The controller 13 is configured to receive data related to the temperature of the hot water in the hot water storage tank 103 detected by the temperature detector 104, and the temperature detector 104 determines that the temperature of the hot water in the hot water storage tank 103 is the first predetermined temperature. When it is detected that the above is true, the system user's usage charges for water, electricity, and gas are calculated based on the prediction of the amount of power supplied by the fuel cell unit 10 and the amount of heat used in the hot water storage tank 103. Based on the calculated usage fee, it is controlled whether or not the drainage by the drainage device 12 is performed.

FIG. 2 is a block diagram showing the configuration of the controller 13 of FIG. As shown in FIG. 2, the controller 13 includes a demand prediction unit 131, a charge calculation unit 132 that calculates a user's burden, a drainage control unit 133 that determines whether or not to drain, and a storage unit 134. Prepare.
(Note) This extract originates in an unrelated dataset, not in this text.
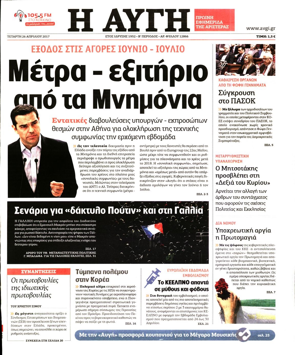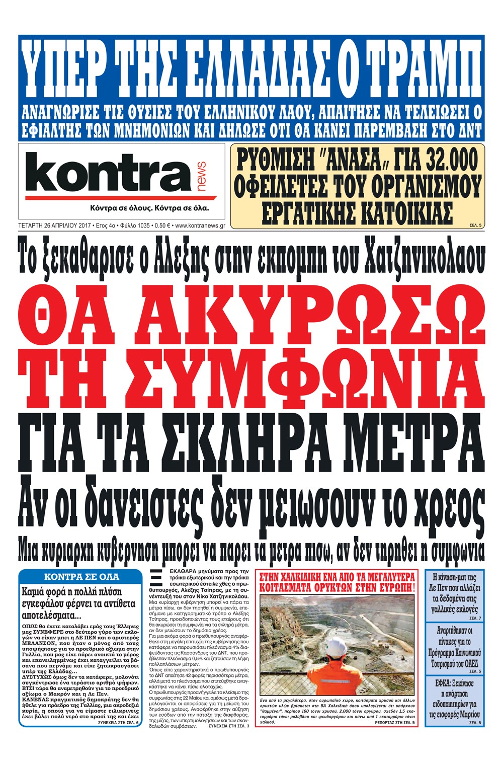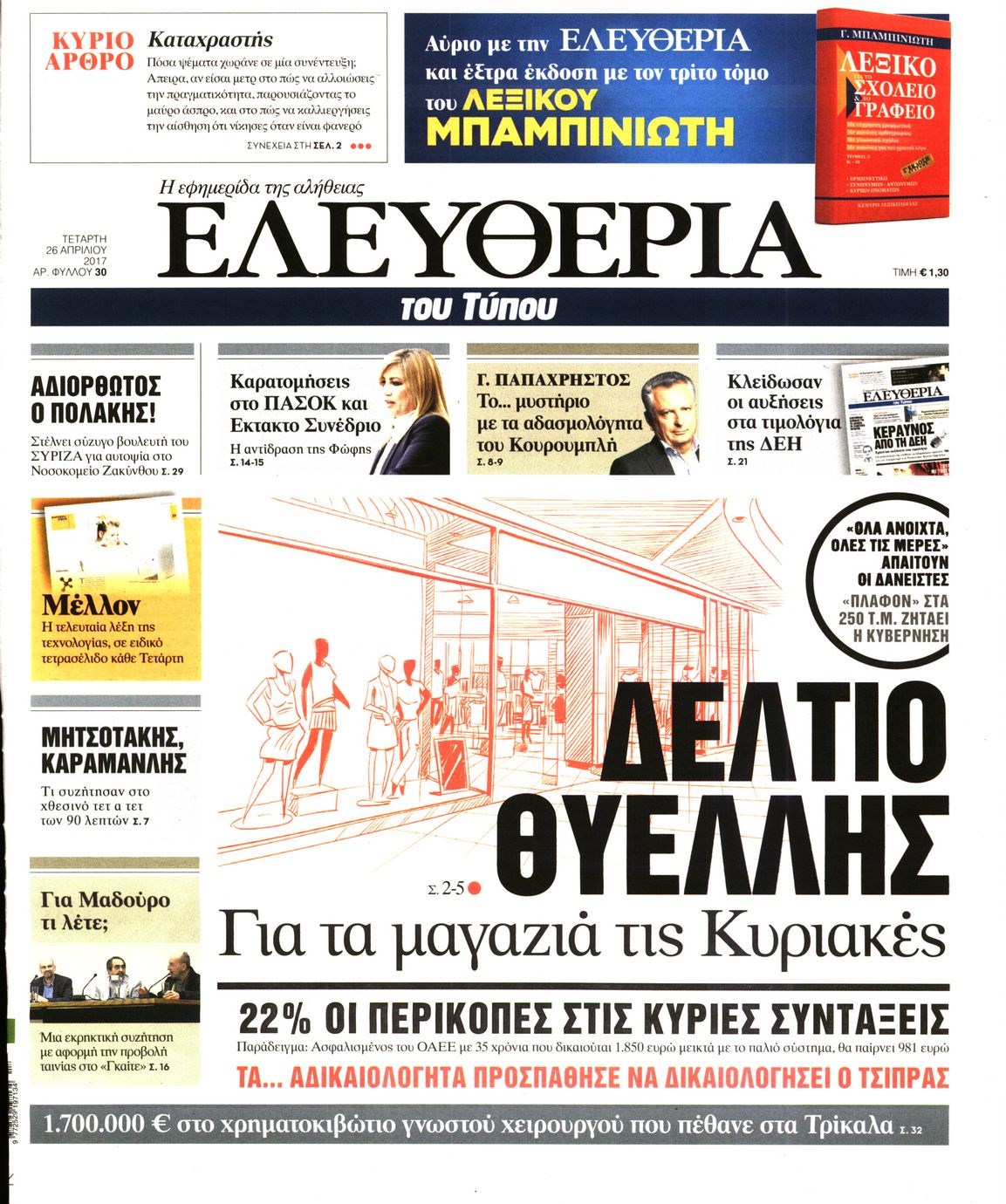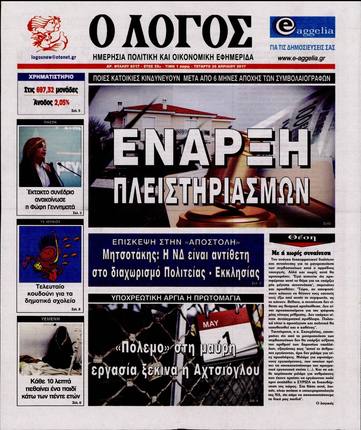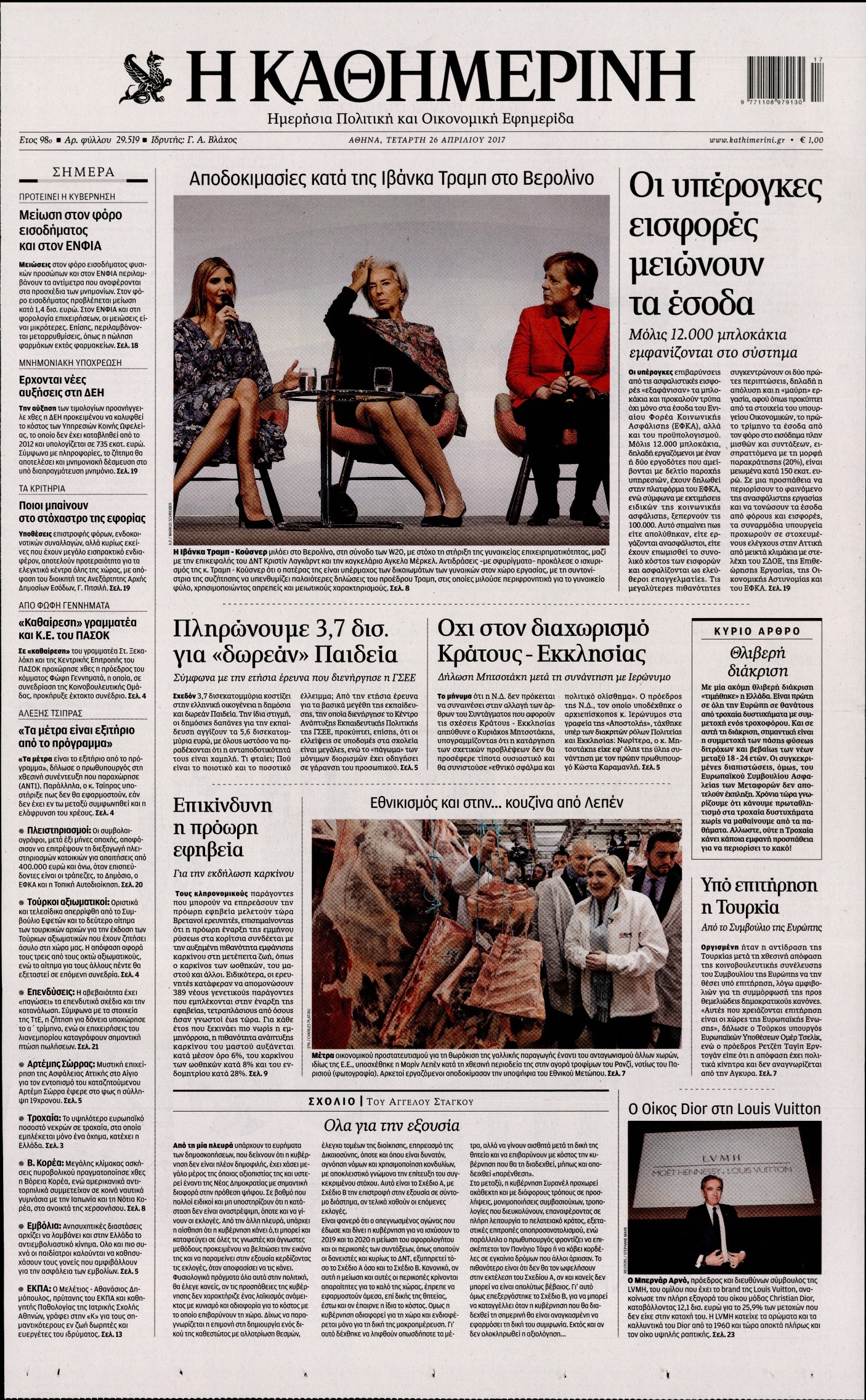 Οι πολιτικές εφημερίδες 26/4/2017 Enikos Newsroom 00:00, Δευτέρα 01 Ιανουαρίου 0001 Media Διαβάστε τα σημερινά πρωτοσέλιδα των πολιτικών εφημερίδων: ΠΟΛΙΤΙΚΕΣ ΕΦΗΜΕΡΙΔΕΣ ΠΡΩΤΟΣΕΛΙΔΑ Μοιράσου το: σχολίασε κι εσύ (0 σχόλια) Ακολουθήστε το enikos.gr στο Google News και μάθετε πρώτοι όλες τις ειδήσεις Δείτε όλες τις τελευταίες ειδήσεις από την Ελλάδα και τον Κόσμο στο enikos.gr Ειδήσεις Ροή Ειδήσεων 5 ώρες πριν Χριστούγεννα στα μπλόκα: Επιμένουν στις κινητοποιήσεις τους οι αγρότες – Ανοίγουν τα διόδια το Σαββατοκύριακο 6 ώρες πριν Ουκρανία: Η άνευ προηγουμένου επίθεση σε ρωσικό τάνκερ στη Μεσόγειο και το μήνυμα προς στον Πούτιν – Το «μακρύ χέρι» του Κιέβου 5 ώρες πριν Πούτιν: Τα μηνύματα σε Ευρώπη και ΝΑΤΟ από το μαραθώνιο «σόου» του – Η απαίτηση για «σεβασμό» και η ειρήνη «με τους όρους» της Μόσχας 6 ώρες πριν Τραμπ: Δεν αποκλείει την πιθανότητα ενός πολέμου στη Βενεζουέλα – «Ο Μαδούρο ξέρει καλύτερα από τον καθένα τι ακριβώς θέλω» 6 ώρες πριν Συνεχίζει να προκαλεί ο Μίτσκοσκι: «Για μένα το όνομα Μακεδονία είναι ιερό» 5 ώρες πριν Ανακαλύφθηκαν αρχαία χρυσά νομίσματα 2.200 ετών που απεικονίζουν τον θεό Απόλλωνα – Η άγνωστη σύνδεση με τον Φίλιππο Β΄ της Μακεδονίας 6 ώρες πριν Ύπνος: Μια κρυφή κατάσταση του εγκεφάλου πριν από τον ύπνο μπορεί να είναι το “κλειδί” για υψηλή ευφυΐα και δημιουργικότητα 7 ώρες πριν Αριθμολογία: Οι άνθρωποι που έχουν γεννηθεί αυτές τις 4 ημερομηνίες, συχνά παρεξηγούνται – «Η καλοσύνη τους κρύβει τεράστια δύναμη» 8 ώρες πριν Ξεχάστε το καθάρισμα το Σαββατοκύριακο: Ο «κανόνας των 20 λεπτών» που θα σας λύσει τα χέρια 5 λεπτά πριν Φως στο Τούνελ: Έφτασε η ώρα της αλήθειας για την δολοφονία της χήρας του πρώην υπουργού στο Κολωνάκι 20 λεπτά πριν Ντόναλντ Τραμπ: Προστέθηκε το όνομά του στην πρόσοψη του Κέντρου Κένεντι – Οργισμένη αντίδραση των συγγενών του JFK 35 λεπτά πριν Ταμίλα Κουλίεβα: «Δεν θέλω να είμαι κάποια που πορεύεται συνεχώς με τις ίδιες αναφορές» 50 λεπτά πριν Η Ελλάδα προσχωρεί στη Διεθνή Επιτροπή Αποζημιώσεων για την Ουκρανία 1 ώρα πριν GNTM: Η Ξένια Τσίρκοβα αναδείχθηκε μεγάλη νικήτρια και πήρε τις 50.000 ευρώ – Ποιος βρέθηκε σε απόσταση αναπνοής; ENIKOS NETWORK Το ΕΚΑΒ τιμήθηκε από την Ακαδημία Αθηνών για τα 40 χρόνια προσφοράς του Έχετε πραγματικά μεγάλη καρδιά; 10 χαρακτηριστικά όσων έχουν καλοσύνη Αναστολή μέτρων αναγκαστικής εκτέλεσης για κτηνοτρόφους που πλήττονται από την ευλογιά των αιγοπροβάτων Πλήρης επάρκεια προϊόντων στις λαϊκές της Αττικής, παρά τις αγροτικές κινητοποιήσεις – Τι απαντούν οι πωλητές Χαρτογραφώντας το «σημείο χωρίς επιστροφή»: Για πρώτη φορά αποκαλύπτεται με λεπτομέρεια το ακανθώδες όριο της ατμόσφαιρας τ... Η Google καταργεί τη λειτουργία «dark web report» – Πώς θα μπορούν οι χρήστες να διαγράφουν τα δεδομένα τους περισσότερα 02:50 , Σάββατο 20 Δεκεμβρίου 2025 GNTM: Η Ξένια Τσίρκοβα αναδείχθηκε μεγάλη νικήτρια και πήρε τις 50.000 ευρώ – Ποιος βρέθηκε σε απόσταση αναπνοής; Με φαντασμαγορικό τρόπο ολοκληρώθηκε το βράδυ της Παρασκευής ο μεγάλος τελικός του GNTM, μέσα ... 22:42 , Παρασκευή 19 Δεκεμβρίου 2025 Γιώργος Γιαννόπουλος για “Το σόι σου”: “Είναι ευτυχία και ευλογία αυτή η σειρά” «Είναι ευτυχία και ευλογία η συγκυρία αυτής της σειράς», θα πει ο Γιώργος Γιαννόπουλος -ο αγαπ... 20:37 , Παρασκευή 19 Δεκεμβρίου 2025 Don’t Forget The Lyrics: Η Έλλη Κοκκίνου υποδέχεται 4 παίκτες που θα κάνουν τα πάντα για να μη χάσουν ούτε… μισή λέξη από τους στίχους Το «Don’t Forget The Lyrics

For example, the controller 13 includes a calculation device such as a microcontroller or PLC (programmable logic controller), and the demand prediction unit 131, the charge calculation unit 132, the drainage control unit 133, and the like are incorporated in the calculation device. The storage unit 134 includes an internal memory such as a microcontroller. The storage unit 134 stores information such as current and past demand data, an operation plan of the fuel cell system, and the like.

When the temperature detector 104 detects that the temperature detector 104 is equal to or higher than the first predetermined temperature, the demand prediction unit 131 predicts the amount of power and hot water usage used by the fuel cell unit 10 in a predetermined period.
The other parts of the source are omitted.